- Born: 26 April 1903 Budapest, Austria-Hungary
- Died: 24 February 1981 (aged 77) Roquebrune-Cap-Martin, France
- Occupation: Photographer
- Years active: 1930s–1960s

= Zoltán Glass =

Hungarian photographer

Zoltán Glass (26 April 1903 – 24 February 1981) was a Hungarian photographer. He was one of the renowned photographers of the 20th century.

==Early life==
Zoltán Glass, who was known to his friends as "Zolly", was born in Budapest, Austria-Hungary on 26 April 1903. Following in his elder brother's footsteps, he began his career as an artist and caricaturist. However, he struggled to make ends meet and took various other jobs to supplement his income, including docker, night watchman, photographic retoucher, and stage designer.

==Early career==

In 1925, Zoltán moved to Berlin, Germany, where, like his brother Stephen Glass, he established himself as a picture editor at an evening newspaper. He then became a photojournalist at the Berliner Tagblatt. A keen motorsports enthusiast and amateur racer, Zoltán covered Germany's biggest races at the Nürburgring and Avus circuits. In 1930 Zoltán established Reclaphot, a photographic agency that specialised in advertising work, and Autophot, a company dedicated exclusively to automobile photography. His most famous photographs are of the Mercedes-Benz Silver Arrows team, which dominated Grand Prix racing during the mid-1930s.

==Life in London==
With the rise of Hitler, business became increasingly difficult in Germany. Zoltán, as his brother did, fled to London, taking his negatives. He was given work by another Jewish refugee, Arthur Spingarn, the owner of Sackville Advertising. However, as an enemy alien at the outbreak of World War II, he was not permitted to pursue his profession as a photographer and faced the threat of internment.

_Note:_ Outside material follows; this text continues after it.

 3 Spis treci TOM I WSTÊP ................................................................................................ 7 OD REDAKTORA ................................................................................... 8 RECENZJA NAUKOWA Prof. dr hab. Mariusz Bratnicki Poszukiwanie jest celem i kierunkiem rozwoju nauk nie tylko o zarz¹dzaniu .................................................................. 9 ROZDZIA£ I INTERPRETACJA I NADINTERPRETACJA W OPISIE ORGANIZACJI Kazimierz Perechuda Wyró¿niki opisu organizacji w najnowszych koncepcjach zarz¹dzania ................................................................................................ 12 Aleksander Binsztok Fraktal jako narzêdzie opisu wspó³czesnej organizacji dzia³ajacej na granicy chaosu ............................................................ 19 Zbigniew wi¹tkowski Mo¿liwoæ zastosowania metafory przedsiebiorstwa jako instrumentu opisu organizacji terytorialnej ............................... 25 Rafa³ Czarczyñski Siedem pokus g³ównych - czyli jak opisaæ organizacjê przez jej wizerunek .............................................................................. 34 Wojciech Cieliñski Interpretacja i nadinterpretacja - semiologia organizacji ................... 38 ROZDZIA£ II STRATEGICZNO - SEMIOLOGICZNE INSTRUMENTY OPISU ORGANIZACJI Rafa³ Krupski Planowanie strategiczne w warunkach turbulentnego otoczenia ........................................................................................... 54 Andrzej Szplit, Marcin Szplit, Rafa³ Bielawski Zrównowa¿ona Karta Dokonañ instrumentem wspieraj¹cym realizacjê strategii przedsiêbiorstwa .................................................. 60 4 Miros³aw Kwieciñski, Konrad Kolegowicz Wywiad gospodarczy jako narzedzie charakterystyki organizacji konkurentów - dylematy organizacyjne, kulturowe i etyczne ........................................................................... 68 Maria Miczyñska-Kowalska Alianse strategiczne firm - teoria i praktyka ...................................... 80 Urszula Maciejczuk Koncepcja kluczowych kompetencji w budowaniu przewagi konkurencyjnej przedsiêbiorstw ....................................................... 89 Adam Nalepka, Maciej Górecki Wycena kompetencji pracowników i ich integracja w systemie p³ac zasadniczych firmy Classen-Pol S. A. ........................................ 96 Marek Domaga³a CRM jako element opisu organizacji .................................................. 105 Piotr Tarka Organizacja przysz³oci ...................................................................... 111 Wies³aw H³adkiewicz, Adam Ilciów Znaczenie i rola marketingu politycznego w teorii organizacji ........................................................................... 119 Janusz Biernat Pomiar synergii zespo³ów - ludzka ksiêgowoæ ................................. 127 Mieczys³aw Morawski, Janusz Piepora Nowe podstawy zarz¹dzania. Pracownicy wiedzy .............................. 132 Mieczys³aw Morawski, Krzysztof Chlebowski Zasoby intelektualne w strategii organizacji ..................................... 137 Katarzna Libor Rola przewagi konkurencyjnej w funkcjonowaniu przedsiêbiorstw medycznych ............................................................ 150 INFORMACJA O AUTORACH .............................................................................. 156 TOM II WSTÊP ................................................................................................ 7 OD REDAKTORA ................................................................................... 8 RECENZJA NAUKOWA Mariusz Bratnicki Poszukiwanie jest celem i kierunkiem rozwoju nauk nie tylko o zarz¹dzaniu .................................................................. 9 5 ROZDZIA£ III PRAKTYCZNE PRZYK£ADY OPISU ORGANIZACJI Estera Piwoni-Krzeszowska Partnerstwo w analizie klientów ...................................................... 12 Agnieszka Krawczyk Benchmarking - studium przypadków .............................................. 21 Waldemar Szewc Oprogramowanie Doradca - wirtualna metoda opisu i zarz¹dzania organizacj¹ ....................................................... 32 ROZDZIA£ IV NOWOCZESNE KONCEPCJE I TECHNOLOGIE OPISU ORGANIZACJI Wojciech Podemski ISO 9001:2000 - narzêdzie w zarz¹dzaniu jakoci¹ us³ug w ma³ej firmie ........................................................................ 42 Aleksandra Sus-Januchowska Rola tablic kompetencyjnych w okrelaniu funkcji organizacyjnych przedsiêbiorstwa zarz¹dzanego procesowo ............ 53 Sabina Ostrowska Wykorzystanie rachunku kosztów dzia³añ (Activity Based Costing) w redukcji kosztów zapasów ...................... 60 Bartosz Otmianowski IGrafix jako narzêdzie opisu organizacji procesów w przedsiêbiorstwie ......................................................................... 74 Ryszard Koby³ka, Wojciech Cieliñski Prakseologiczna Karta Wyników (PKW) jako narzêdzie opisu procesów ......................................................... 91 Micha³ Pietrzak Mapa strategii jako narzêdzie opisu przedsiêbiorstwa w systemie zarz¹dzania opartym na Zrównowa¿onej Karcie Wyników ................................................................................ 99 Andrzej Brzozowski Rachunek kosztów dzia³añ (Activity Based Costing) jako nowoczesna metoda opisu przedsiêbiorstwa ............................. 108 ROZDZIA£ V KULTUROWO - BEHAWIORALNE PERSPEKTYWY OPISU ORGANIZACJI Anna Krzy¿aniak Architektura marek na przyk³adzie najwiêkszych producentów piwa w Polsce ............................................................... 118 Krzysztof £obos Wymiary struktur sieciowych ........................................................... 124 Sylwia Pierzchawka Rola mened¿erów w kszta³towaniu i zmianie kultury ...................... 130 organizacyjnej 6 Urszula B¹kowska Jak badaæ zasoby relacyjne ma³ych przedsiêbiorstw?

After the war, Zoltán earned a living taking publicity stills for clients in the film and theatre worlds. In 1948, after twelve years as an émigré, he became a naturalised British subject.

By the mid-1950s, he was a successful fashion and advertising photographer in the capital, with a studio at 183 Kings Road, Chelsea, and another at 41 Paradise Walk, SW3.

One of Zoltán's clients was Odhams Press, which published Lilliput, a celebrated pocket-sized gentleman's magazine that featured an assortment of titillating articles and risqué humour, together with photographic essays by well-known talents, including Bill Brandt and Brassai. He photographed the British Glamour model Pamela Green for Lilliput in 1952. He also worked as a stills photographer for film director Zoltan Korda, brother of Alexander Korda.

In 1955 a collection of Zoltán's nude photographs was published in the monograph Neue Wege Der Aktfotografie von Zoltán Glass by the German publisher Karl Hofmann.

==Retirement==
By 1964, Zoltán Glass had made enough money to sell his Chelsea studios to a consortium of British photographers. He then moved to a villa in Roquebrune on the French Riviera with his common-law wife Pat (Patricia Shirley Thompson), a former cabaret dancer. He offered his collection of pin-up photography to glamour photographer Harrison Marks who turned it down. Zoltán died in France on 24 February 1981, at the age of 77, leaving neither offspring nor a will. His photographs were eventually given to the National Science and Media Museum in Bradford, Yorkshire.